**SOURCE MATERIAL:**
-------

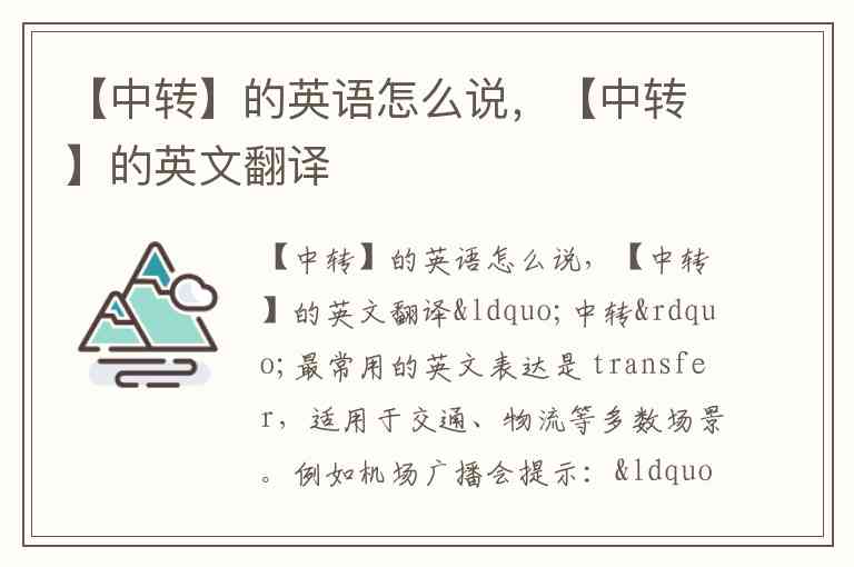 “中转”最常用的英文表达是 transfer,适用于交通、物流等多数场景。例如机场广播会提示:“Would all transfer passengers please report to the airport transfer desk”(凡需中转的旅客请到机场的中转服务台办理手续)。在航空语境中,“中转旅客”可表述为 transfer passengers,“中转处”则是 transfer correspondence。
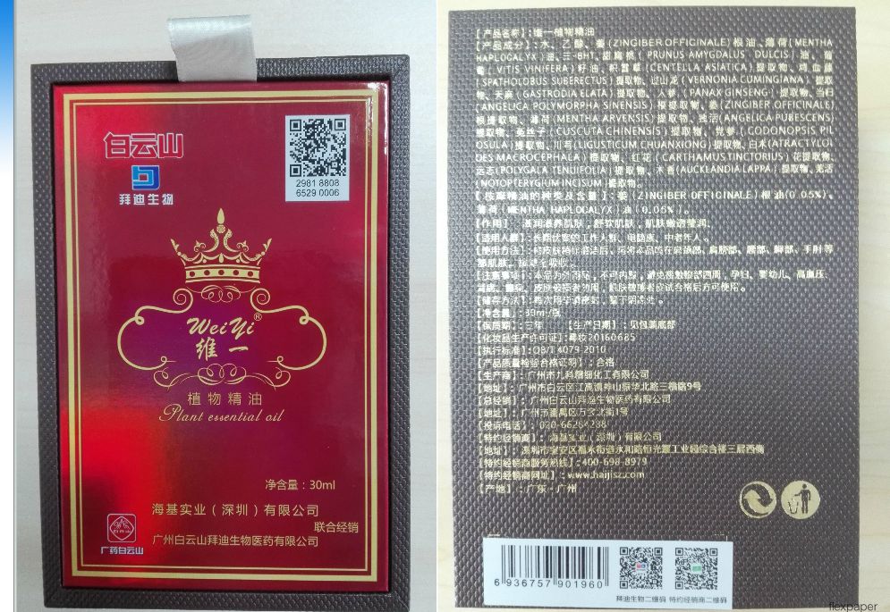 经销商介绍,白云山维一精油是由白云山拜迪生物医药(以下简称拜迪生物)研发的。品牌商为广药集团白云山(以下简称广药白云山),总经销商为白云山维一实业股份有限公司(以下简称维一实业),特约经销商为海基维一实业(福州)有限公司(以下简称海基维一)、海基实业(深圳)有限公司(以下简称海基实业),生产商为广州赛美化妆品有限公司(以下简称赛美)、广州市九科精细化工有限公司(以下简称九科精细)、宝爵生物科技(广州)有限公司(以下简称宝爵生物)。
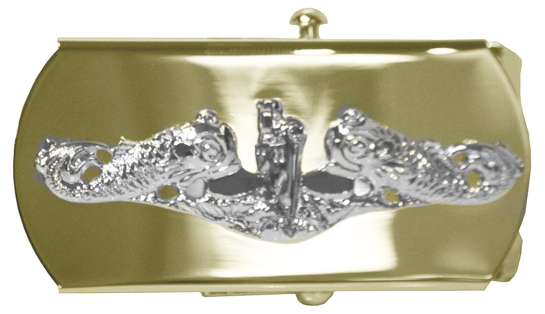 This Belt Buckle is made for Veterans and Active Duty Chief Petty Officers of the United States Navy Submarine Service. Buckle features Silver Dolphins on the Gold front plate and is designed for use with Vanguard's Cotton Web Belts. Each buckle is 3" Wide and Made in the USA!

-------

**WORK INSTRUCTION:**
The material is to be reproduced verbatim, and no picture may appear in the copy.

**SOLUTION:**
 “中转”最常用的英文表达是 transfer,适用于交通、物流等多数场景。例如机场广播会提示:“Would all transfer passengers please report to the airport transfer desk”(凡需中转的旅客请到机场的中转服务台办理手续)。在航空语境中,“中转旅客”可表述为 transfer passengers,“中转处”则是 transfer correspondence。
 经销商介绍,白云山维一精油是由白云山拜迪生物医药(以下简称拜迪生物)研发的。品牌商为广药集团白云山(以下简称广药白云山),总经销商为白云山维一实业股份有限公司(以下简称维一实业),特约经销商为海基维一实业(福州)有限公司(以下简称海基维一)、海基实业(深圳)有限公司(以下简称海基实业),生产商为广州赛美化妆品有限公司(以下简称赛美)、广州市九科精细化工有限公司(以下简称九科精细)、宝爵生物科技(广州)有限公司(以下简称宝爵生物)。
 This Belt Buckle is made for Veterans and Active Duty Chief Petty Officers of the United States Navy Submarine Service. Buckle features Silver Dolphins on the Gold front plate and is designed for use with Vanguard's Cotton Web Belts. Each buckle is 3" Wide and Made in the USA!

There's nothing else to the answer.